248 THE STONES OF VENICE
everywhere), or in various other ways inconvenient, flat ceilings may be used, and yet the Gothic shall not lose its purity. But in the roof-mask, there can be no necessity nor reason for a change of form: the gable is the best; and if any other-dome, or bulging crown, or whatsoever else-be employed at all, it must be in pure caprice and wilful transgression of law. And wherever, therefore, this is done, the Gothic has lost its character; it is pure Gothic no more.

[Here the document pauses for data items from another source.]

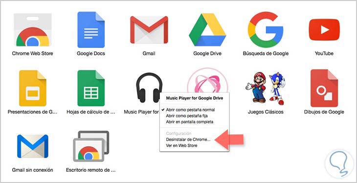 Si queremos eliminar aplicaciones web innecesarias, debemos acceder desde la barra de direcciones: chrome://apps. Para desinstalarla, pulsamos con el botón derecho del ratón encima de la app y seleccionamos “Desinstalar de Chrome”.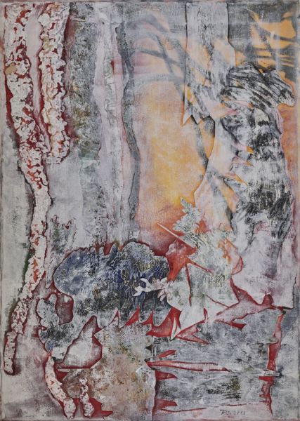 Durch Schichtung unterschiedlicher Materialien entsteht ein surreal - abstraktes Arrangement mit räumlicher Tiefe und Plastizität, welches oft, ohne Landschaft zu sein, als solche interpretierbar ist. Magie und Poesie von Landschaft werden so auf einem Stück Leinwand konzentriert.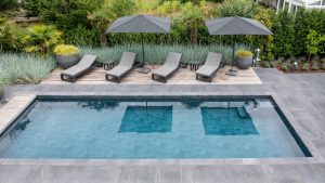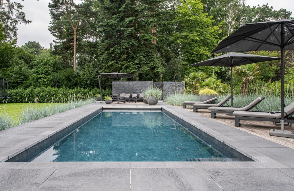 This stylish pool landscape, defined by a sense of calm and tranquility, was created in a garden in Cologne. Planning, design, and construction of both the pool and the entire garden were carried out by Schenker Garten und Landschaftsbau.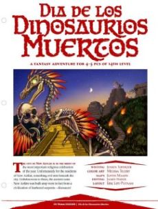 You've heard of the Day of the Dead... but what happens when the dead are dinosaurs? When the raptors awaken to find their land overrun by hairless apes¸ they plot to reclaim their legacy. Can the PCs survive the machinations of Miquiztlicoatl¸ the velociraptor mummy lord¸ ancient reptilian priest-king of the feathered throne?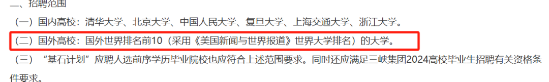 还有国企--中国长江三峡集团的“基石计划”招聘留学生则只参考U.S.News排名。

§ 84. And this last clause of the definition is to be more strongly insisted upon, because it includes multitudes of buildings, especially domestic, which are Gothic in spirit, but which we are not in the habit of embracing in our general conception of Gothic architecture; multitudes of street dwelling-houses and straggling country farm-houses, built with little care for beauty, or observance of Gothic laws in vaults or windows, and yet maintaining their character by the sharp and quaint gables of the roofs. And, for the reason just given, a house is far more Gothic which has square windows, and a boldly gable roof, than one which has pointed arches for the windows, and a domed or flat roof. For it often happened in the best Gothic times, as it must in all times, that it was more easy and convenient to make a window square than pointed: not but that, as above emphatically stated, the richness of church architecture was also found in domestic; and systematically “when the pointed arch was used in the church it was used in the street,”1 only in all times there were cases in which men could not build as they would, and were obliged to construct their doors or windows in the readiest way; and this readiest way was then, in small work, as it will be to the end of time, to put a flat stone for a lintel, and build the windows as in Fig. 8; and the occurrence of such windows in a building or a street will not un-Gothicize them, so long as the bold gable roof be retained, and the
1 [See above, ch. iv. § 53, p. 120, and compare in Vol. XII. Lectures on Architecture and Painting, Lecture i.]